Axel Richier - PeerSpot reviewer
Tech Lead Consultant | Manager Data Engineering at Ekimetrics
Real User
Top 5
Simple to set up, fast to deploy, and offers helpful technical support
Pros and Cons
  • "We can scale the product."
  • "I would love an integration in my desktop IDE. For now, I have to code on their webpage."

What is our primary use case?

We're using it to provide a unified development experience for all our data experts, including all data engineers, data scientists, and IT engineers. 

What is most valuable?

The shared experience of collaborative notebooks is probably the most useful aspect since, as an expert, it allows me to help my juniors debug their books and their code live. I can do some live coding with them or help them find the errors very efficiently.

It's simple to set up.

I love Databricks due to the fact that we can deploy it in 15 minutes and it's ready to use. That's very nice.

The solution is stable. 

We can scale the product.

What needs improvement?

I would love an integration in my desktop IDE. For now, I have to code on their webpage. They provide a web interface to do my code. However, I have my local software to do some coding for other projects, yet I cannot use it for Databricks, and I lose all my shortcuts. I lose all the benefits from my local IDE. If one day they would provide some integrations with VS code, for example, that would be game-changing. Having Databricks in my VS code would be the most amazing feature.

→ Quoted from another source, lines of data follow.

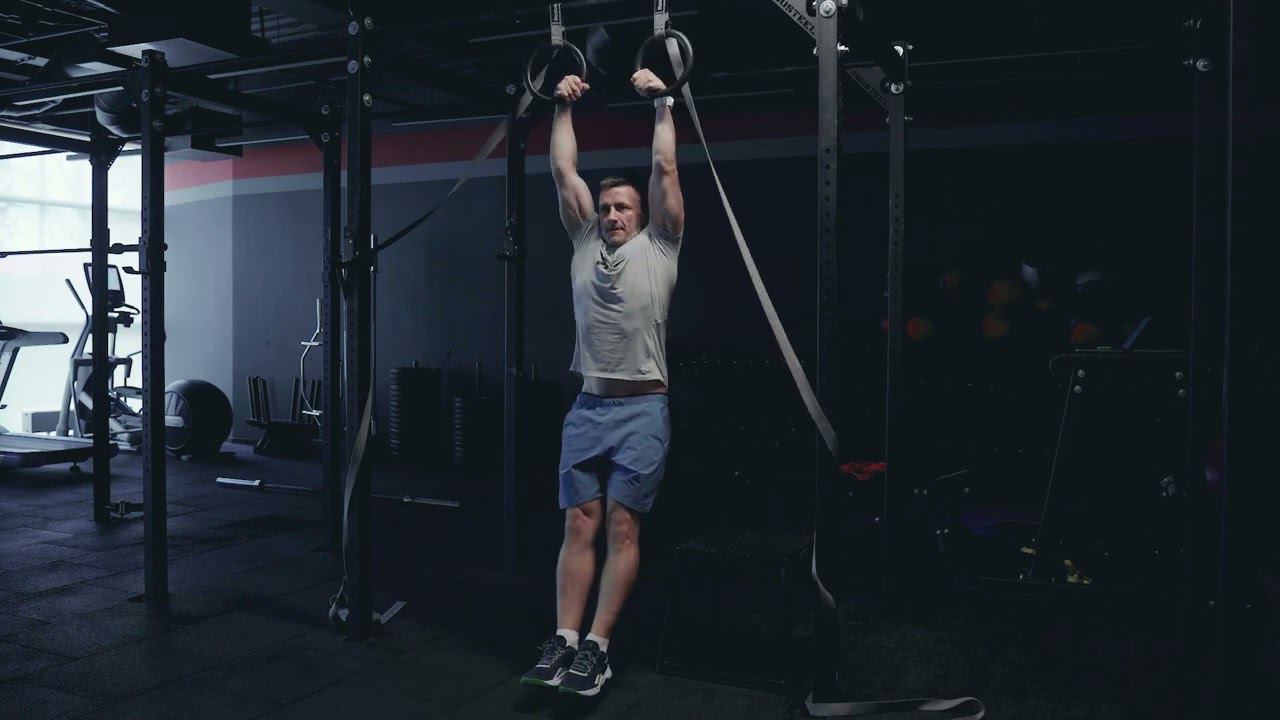 Подтягивания на кольцах глубоким хватом до груди/ False grip ring pull up
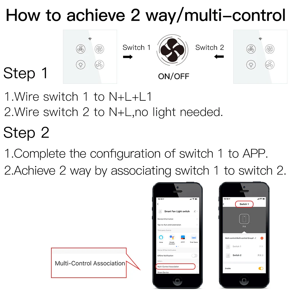 1. Регулировка режима управления: Новая обновленная версия переключателя на умный потолочный вентилятор-Светильник обеспечивает раздельную регулировку режима управления с 3 зубьями по сравнению с оригинальной случайной регулировкой. Кроме того, Он обновляет старую версию с текущим звуком от двигателя, обеспечивая новые функции, которые не будут звучать по току, когда Вентилятор включен. Больше не беспокойтесь о неприятном звуке мотора 2/3-way multi-control association для управления 1 потолочным вентилятором с несколькими переключателями; панель из закаленного стекла с защитой от царапин подходит для любого домашнего декора и обеспечивает легкое сенсорное управление; Вы можете управлять несколькими переключателями в приложении Smart Life.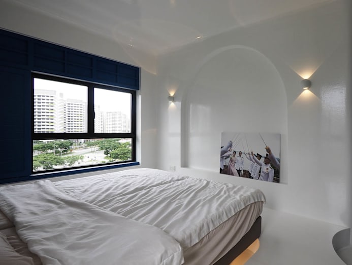 They settled on local and Peranakan styles for the common areas, while the designs for the bedrooms are influenced by the couple's favourite vacation spots: Santorini, Japan and Ranomafana National Park in Madagascar.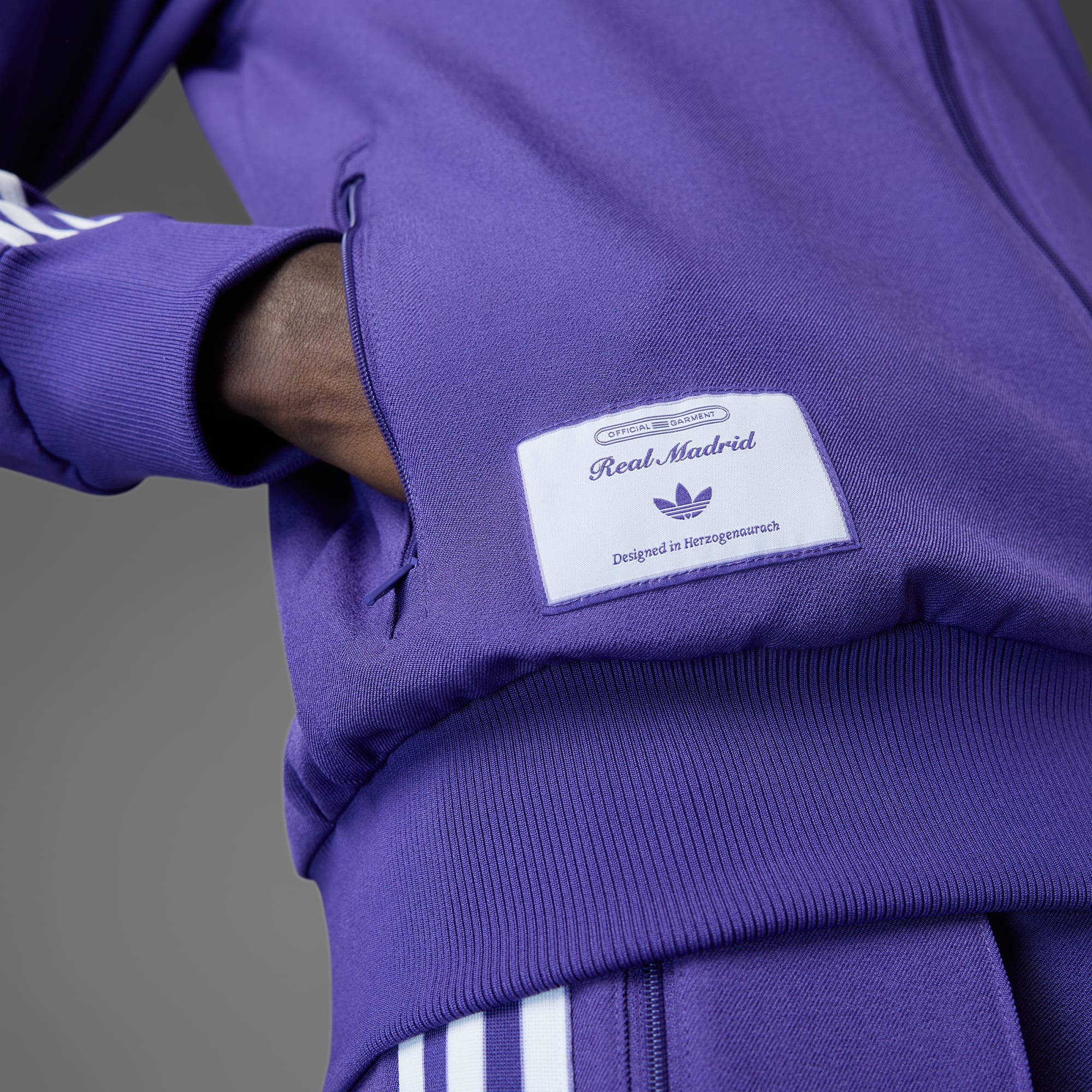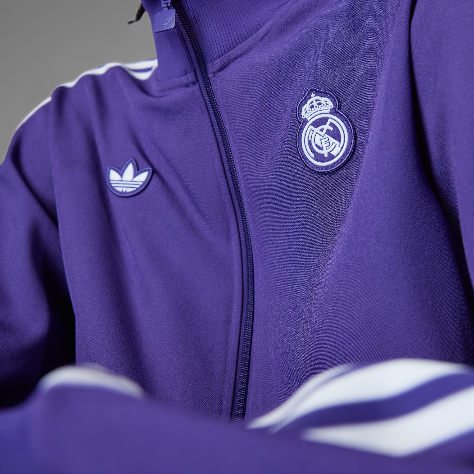 Ontstaan uit een voetbalfashion-revolutie. Dit Real Madrid sportjack brengt een eerbetoon aan de supporterscultuur die sinds de jaren 80 immens populair is geworden in Europa. Van het historische adidas silhouet tot het geweven label maakt 't een echt statement. De gestroomlijnde pasvorm zit je niet in de weg wanneer je je op de dag van de wedstrijd door de menigte beweegt. Het opgestikte clubembleem laat iedereen weten voor wie jij juicht. Dit product is gemaakt met ten minste 70% aan gerecyclede materialen. Door hergebruik van materialen die al eerder zijn gecreëerd, helpen we afval verminderen, en ook onze afhankelijkheid van beperkt beschikbare grondstoffen. Daarnaast verkleint het de voetafdruk van onze producten.

For how long have I used the solution?

I've been using the solution for more than three years now.

Buyer's Guide
Databricks
May 2024
Learn what your peers think about Databricks. Get advice and tips from experienced pros sharing their opinions. Updated: May 2024.
770,141 professionals have used our research since 2012.

What do I think about the stability of the solution?

The product is very stable. I've been using it for three years now, and I have projects that have been running for three years without any big issues.

What do I think about the scalability of the solution?

It's very scalable. I have a project that started as a proof of concept on connected cars. We had 100 cars to track at first - just for the proof of concept. Now we have millions of cars that are being tracked. It scales very well. We have terabytes of data every day and it doesn't even flinch.

How are customer service and support?

I've had very good experiences with technical support where they answer me in a couple of hours. Sometimes it takes a bit longer. It's usually a matter of days, so it's very good overall. 

Even if it took a bit of time, I got my answer. They never left me without an answer or a solution.

How would you rate customer service and support?

Positive

How was the initial setup?

The implementation is very simple to set up. That's why we choose it over many other tools.

Usually, we have two to five data engineers handling the maintenance and running of our solutions.

What's my experience with pricing, setup cost, and licensing?

The solution is a bit expensive. That said, it's worth it. I see it as an Apple product. For example, the iPhone is very expensive, yet you get what you pay for.

The cost depends on the size of your data. If you have lots of data, it's going to be more expensive since your paper compute units will be more. My smallest project is around a hundred euros, and my most expensive is just under a thousand euros a week. That is based on terabytes of data processed each month.

Which other solutions did I evaluate?

We looked into Azure Synapse as an alternative, as well as Azure ML and Vertex on GCP. Vertex AI would be the main alternative.

Some people consider Snowflake a competitor; however, we can't deploy Snowflake ourselves just like we deploy Databricks ourselves. We use that as an advantage when we sell Databricks to our clients. We say, "If you go with us, we are going to deploy Databricks in your environment in 15 minutes," and they really like it.

What other advice do I have?

We're a partner.

We use the solution on various clouds. Mostly it is Aure. However, we also have Google and AWS as well. 

One of the big advantages is that it works across domains. I'm responsible for a data engineering team. However, I work on the same platform with data scientists, and I'm very close to my IT team, who is in charge of the data access and data access control, and they can manage all the accesses from one point to all the data assets. It's very useful for me as a data engineer. I'm sure that my IT director would say it's very useful for him too. They managed to build a solution that can very easily cross responsibilities. It unifies all the challenges in one place and solves them all mostly.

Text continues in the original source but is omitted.